CD34⁺CD38^-CD58^- leukemia-Propagating Cells at Diagnosis Could Identify Patients at High-Risk for Relapse in Philadelphia Chromosome-Positive Acute Lymphoblastic Leukemia after Allogeneic Hematopoietic Stem Cell Transplantation

Background: Relapse of Philadelphia-chromosome-positive acute lymphoblastic leukemia (Ph⁺ALL) may result from the persistence of leukemia stem cells sometimes termed leukemia-propagating cells (LPCs). We recently found that Ph⁺ALL LPCs are enriched in the CD34⁺CD38^-CD58^- fraction using anti-CD122-conditioned NOD/SCID xenograft assay by intra-bone marrow injection, which translating to adverse clinical outcomes (Kong Y, et al. Leukemia 2014. accepted). Despite the widespread use of abelson tyrosine kinase inhibitors (TKIs) in Ph⁺ALL, allogeneic hematopoietic stem cell transplantation (allo-HSCT) remains the best curative option. However, whether the prognostic significance of the identified LPCs phenotype to identify patients at high risk for relapse could retain in Ph⁺ALL after allo-HSCT, if any, is unknown.

Aims: To investigate the prognostic significance of the candidate CD34⁺CD38^-CD58^- LPCs in Ph⁺ALL subjects underwent allo-HSCT.

Methods: A total of 80 consecutive adults (18-60 years) with Ph⁺ALL underwent allo-HSCT were eligible for the study at Peking University Institute of Hematology from January 1, 2009 to December 31, 2013. Imatinib was routinely administered in subjects pre- and post-HSCT as previously reported. A multi-parameter flow cytometry analysis of CD58-FITC/CD10-PE/CD19-APC-Cy7/CD34-PerCP/CD45-Vioblue/ CD38-APC on gated leukemia blasts of bone marrow was performed at diagnosis.
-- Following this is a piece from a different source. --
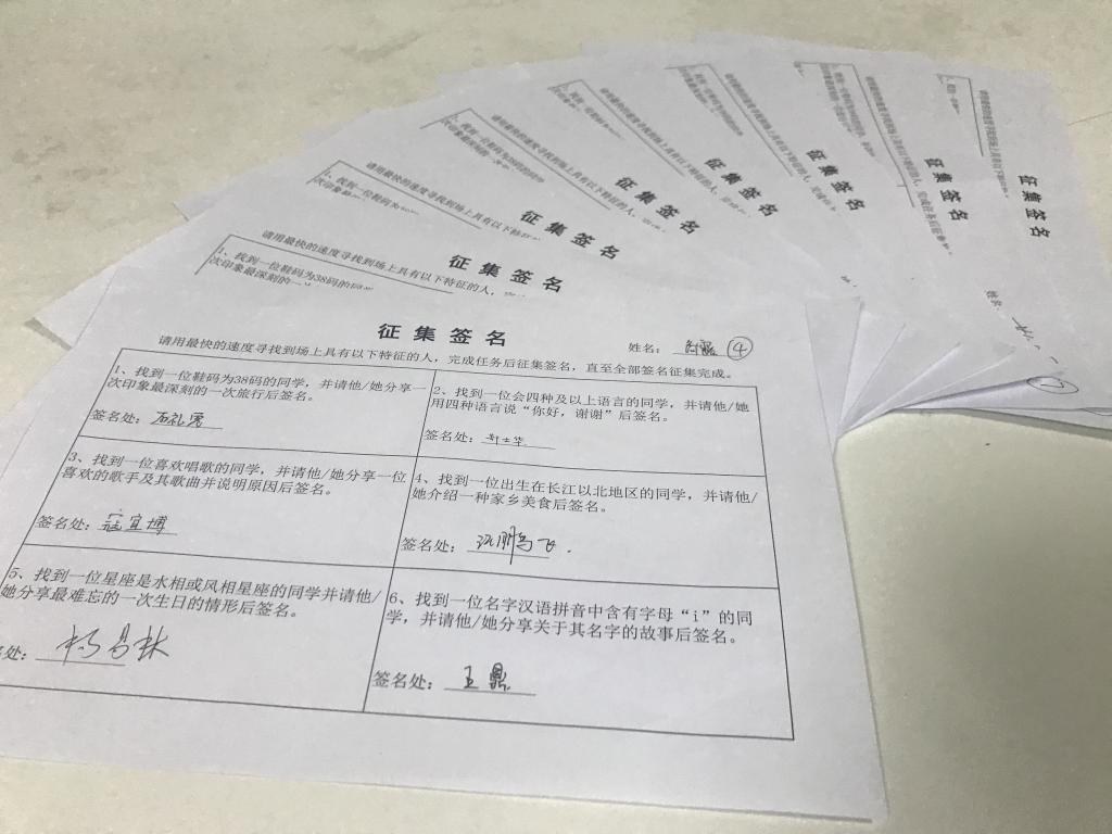 为了让同学们在制作之前能够相互熟悉起来,方老师首先带领大家进行了破冰游戏——“征集签名”。最难忘的旅行、掌握四种语言的大神、喜爱唱歌的人、水瓶座是风相还是水相星座,千奇百怪的问题和关键词让大家在开怀大笑的同时,渐渐熟悉了身边原本陌生的同学�

Furthermore, minimal residual disease (MRD) was monitored by BCR/ABL transcripts in bone marrow samples at diagnosis, directly before transplantation, as well as serially at 1, 2, 3, 6, 9, 12,24,36,60 months post-HSCT and at relapse using real-time quantitative polymerase chain reaction. Cumulative incidences of relapse (CIR) and non-relapse mortality were calculated using the Kalbfleisch and Prentice method. Leukemia-free survival (LFS) and overall survival (OS) were estimated using the Kaplan-Meier method and compared using the log-rank test. Factors at a level of P<0.1 were included as variables in the multivariate Cox regression model. The study was approved by the Ethics Committee of Peking University People’s Hospital.
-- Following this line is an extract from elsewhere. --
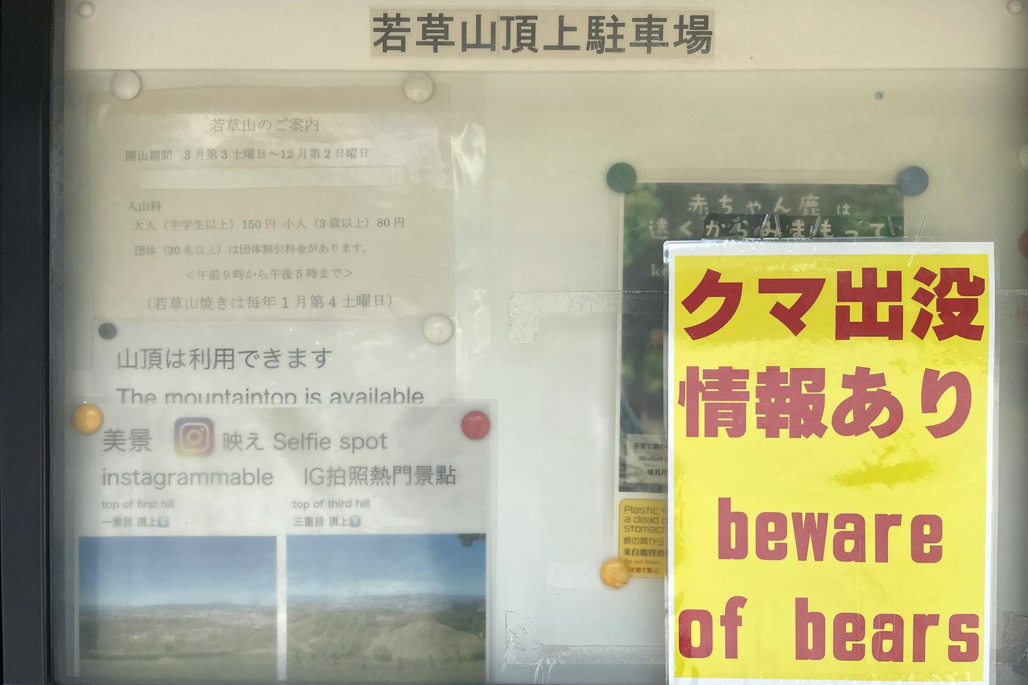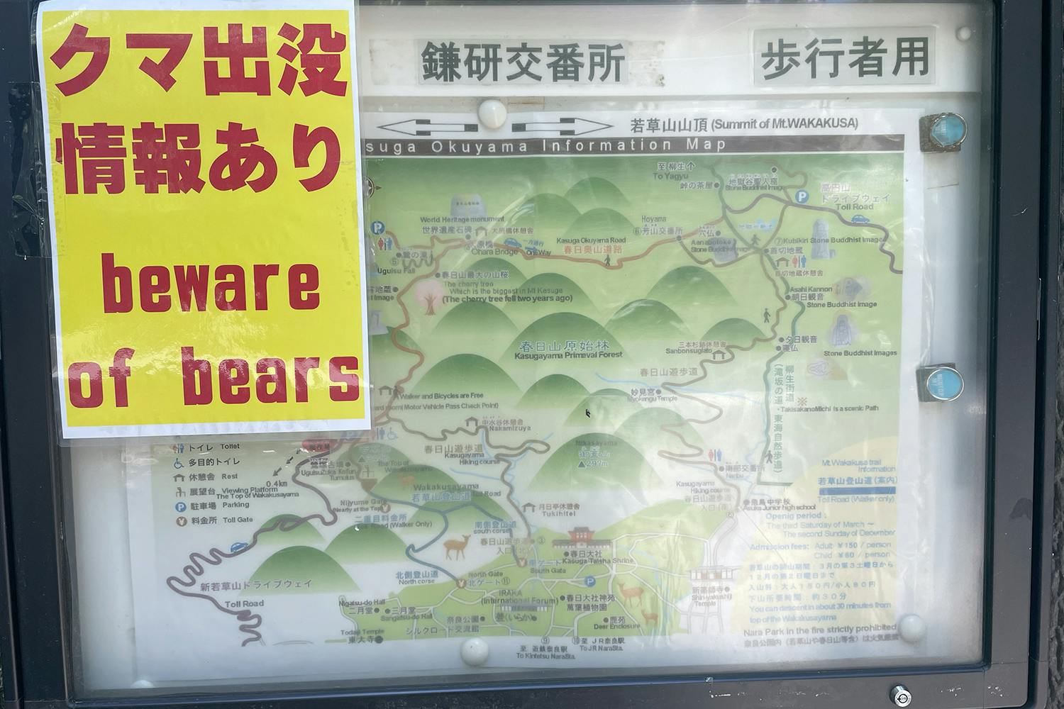 ただ、若草山駐車場付近では、クマ目撃ありの注意喚起の紙も貼られており、昨日の夕方(7月9日pm17:40頃)若草山の駐車場近辺でツキノワグマが林の中を横切っていく姿を僕も実際に見かけました。

Results: On the basis of blasts phenotypes at diagnosis, subjects were stratified into CD34⁺CD38^-CD58^- group (N=15) and other phenotype group (N=65). The demographic and clinical characteristics showed no significant difference between the two phenotype groups. Median follow-up was 25.5 mo (range, 6-65 mo) for all subjects and 33 mo (range, 6-65 mo) for survivors. During the MRD monitoring, significantly higher levels of BCR/ABL transcripts were detected in subjects in CD34⁺CD38^-CD58^- group than persons in other phenotype group especially at 3 mo post-HSCT [0.12(0-152.4)% vs. 0(0-100)%, P=0.001]. Additionally, CD34⁺CD38^-CD58^- LPCs phenotype directly correlated with higher 3-year CIR (63.2% [58.2-68.1%] vs. 5.3% [5.1-5.5%]; P<0.0001), worse LFS (30.2% [8.1-56.6%] vs. 78.7% [64.5-87.7%]; P=0.001) and OS (37.7% [12.6-63.2%] vs. 82.3% [68.5-90.4%]; P=0.0004). Multivariate analyses indicated that CD34⁺CD38^-CD58^- LPCs phenotype at diagnosis and BCR-ABL reduction at 3 mo post-HSCT were independent risk factors for relapse, LFS and OS in adults with Ph⁺ALL underwent allo-HSCT.

Summary/Conclusion: Our data suggest that a candidate CD34⁺CD38^-CD58^- LPCs phenotype at diagnosis allows rapid identification of high-risk patients for relapse even after allo-HSCT. Risk-stratification post-HSCT therapy incorporating analysis of CD34⁺CD38^-CD58^- LPCs phenotype at diagnosis promises to benefit the adults with Ph⁺ALL in the future.

Acknowledgment: Supported by the National Natural Science Foundation of China (grant nos. 81370638&81230013), the Beijing Municipal Science and Technology Program (grant no. Z141100000214011), and Peking University People’s Hospital Research and Development Funds (grant no. RDB2012-23).